With Android 13, Google will implement a change prohibiting the Accessibility APIs from being abused by sideloaded applications. Through the use of the “Restricted Setting” function, the user will be prevented from activating the accessibility service for potentially harmful apps. Once it’s been determined that an app fits this description, the Accessibility settings for that app will be rendered inaccessible, and users will be presented with a “Restricted setting” prompt indicating that the setting cannot be accessed at this time.
The discovery was made by Esper’s Mishaal Rahman, who shared the news on Twitter. He stated that the feature also prevents users from enabling the Notification Listener of said application, whose API would normally give that app the ability to intercept and interact with all notifications on behalf of the user. This can be extremely troubling if a malicious app gains access and is, in turn, able to read all incoming messages, including ones that include sensitive information. Android 13 will thankfully not let that happen – at least for sideloaded apps.

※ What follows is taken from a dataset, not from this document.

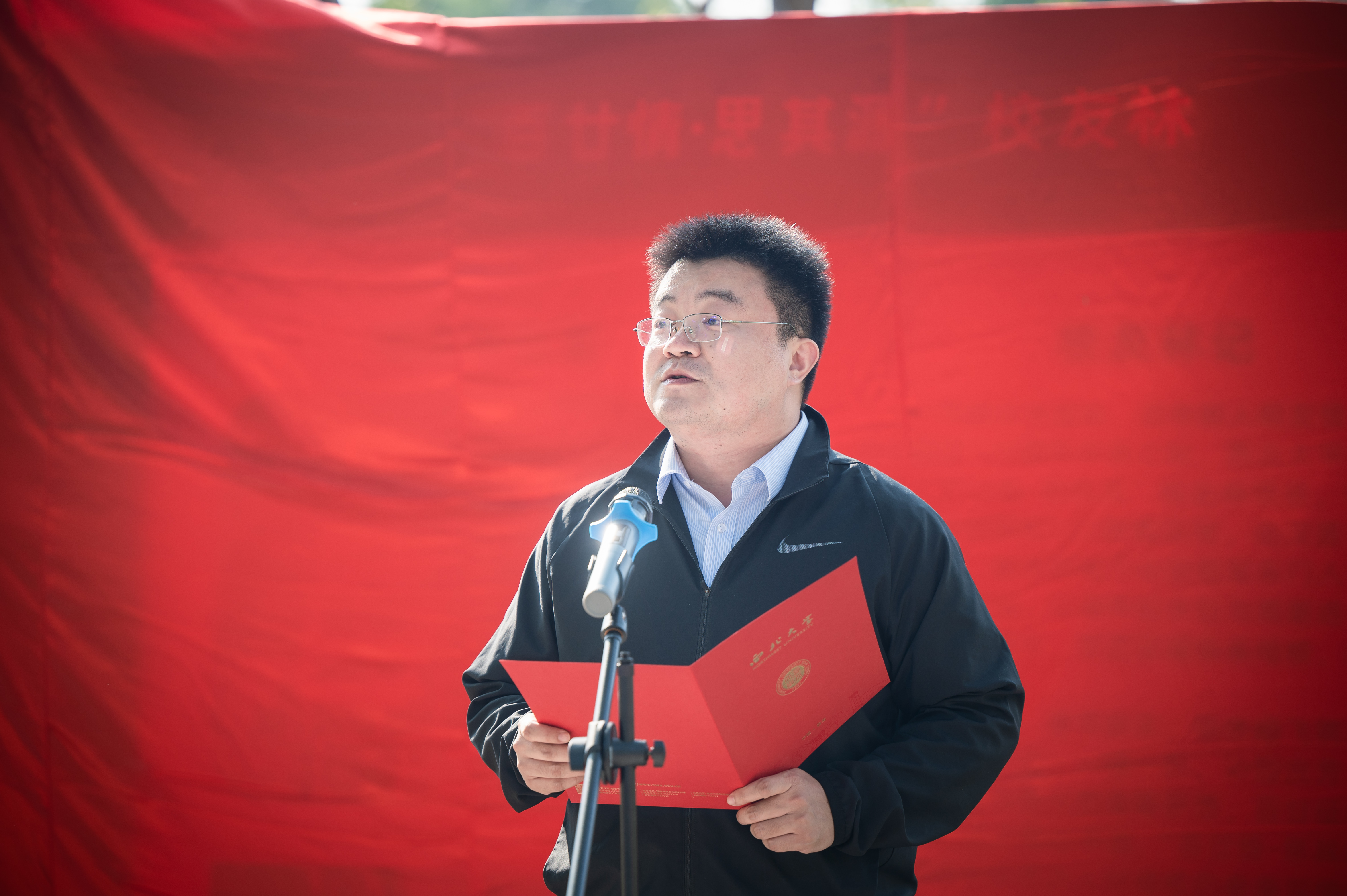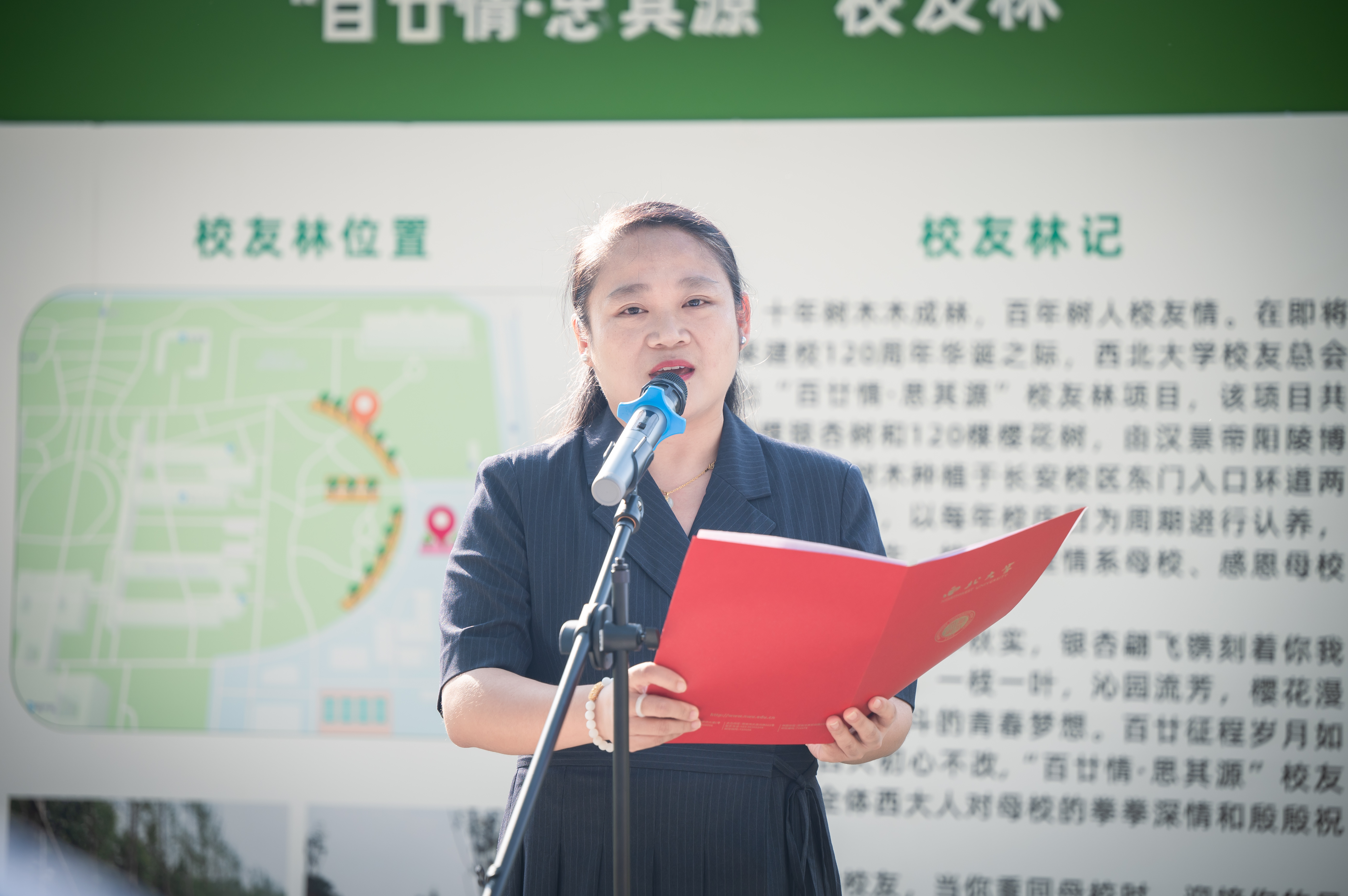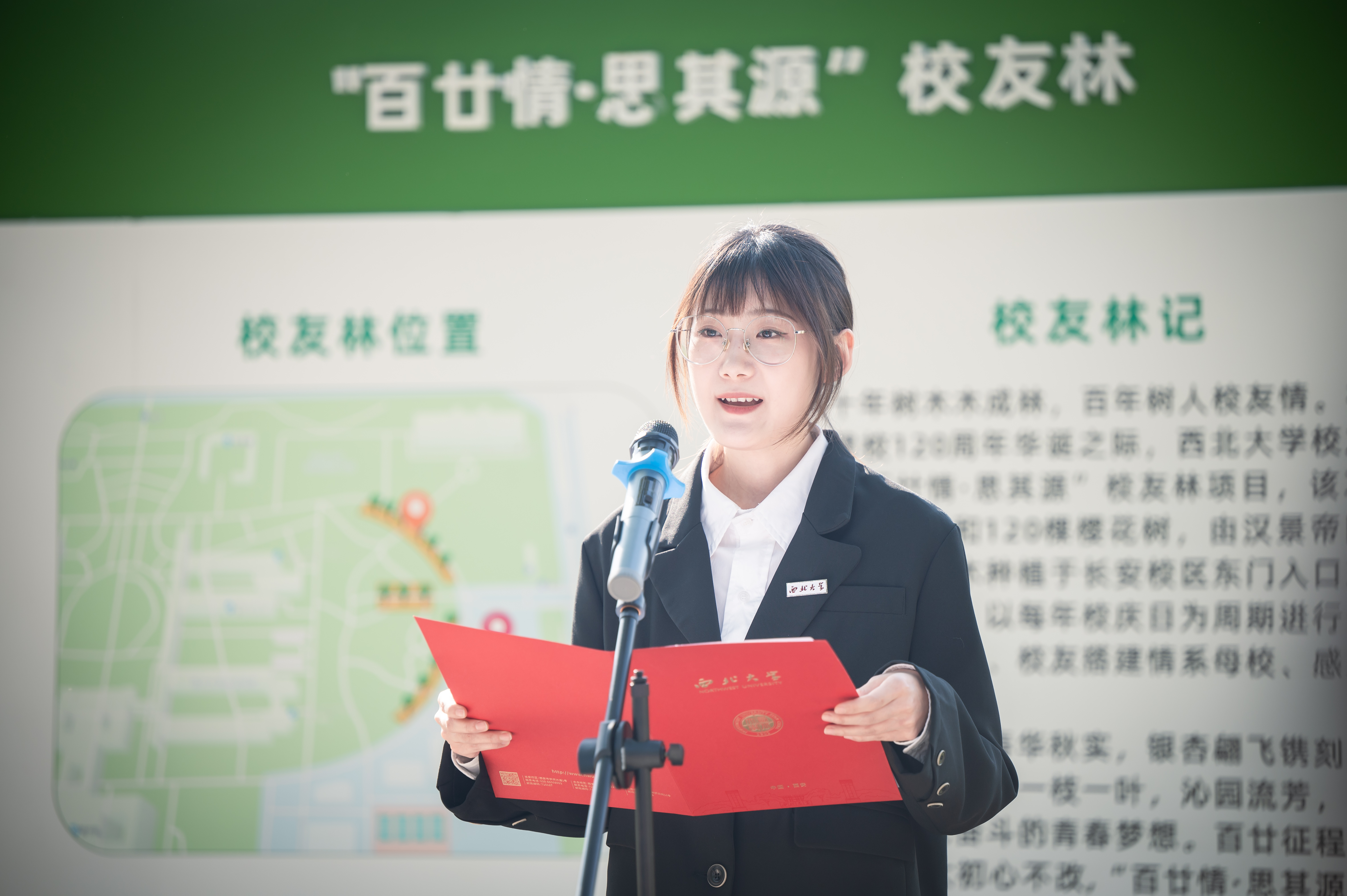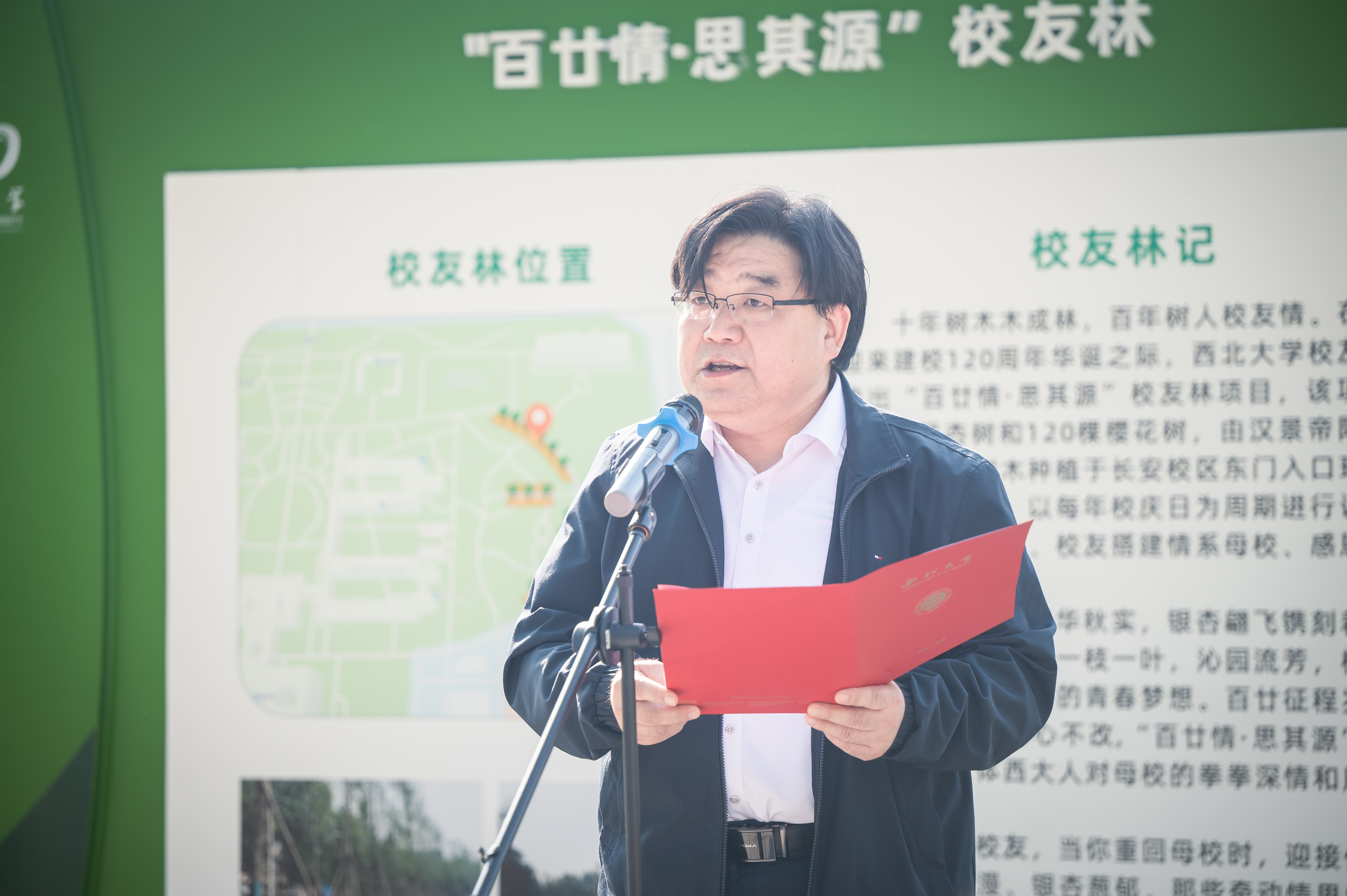 揭牌仪式上,吴振磊介绍了“百廿情·思其源”校友林情况。王亚杰、李举纲共同为“百廿情·思其源”校友林揭牌。学生代表杨子婕在发言中表示,作为一名西大学子,定常怀感恩之心,常行有为之举,做一名不负青春、不负母校的追梦人!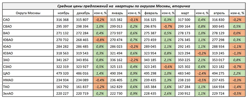 Изменение цен на квартиры по округам Москвы с ноября 2023 г. по апрель 2024 г

This restriction will not apply to applications downloaded from app stores because most app stores employ the session-based package installer. Therefore, only apps that users sideload from websites or sources other than app stores, such as a web browser or a chat app, will be blocked. This is a very important distinction and protection for Android users who do not consider themselves power users and are susceptible to unknowingly installing malware. It’s good to see Android tightening security measures as more mainstream users transition into the platform.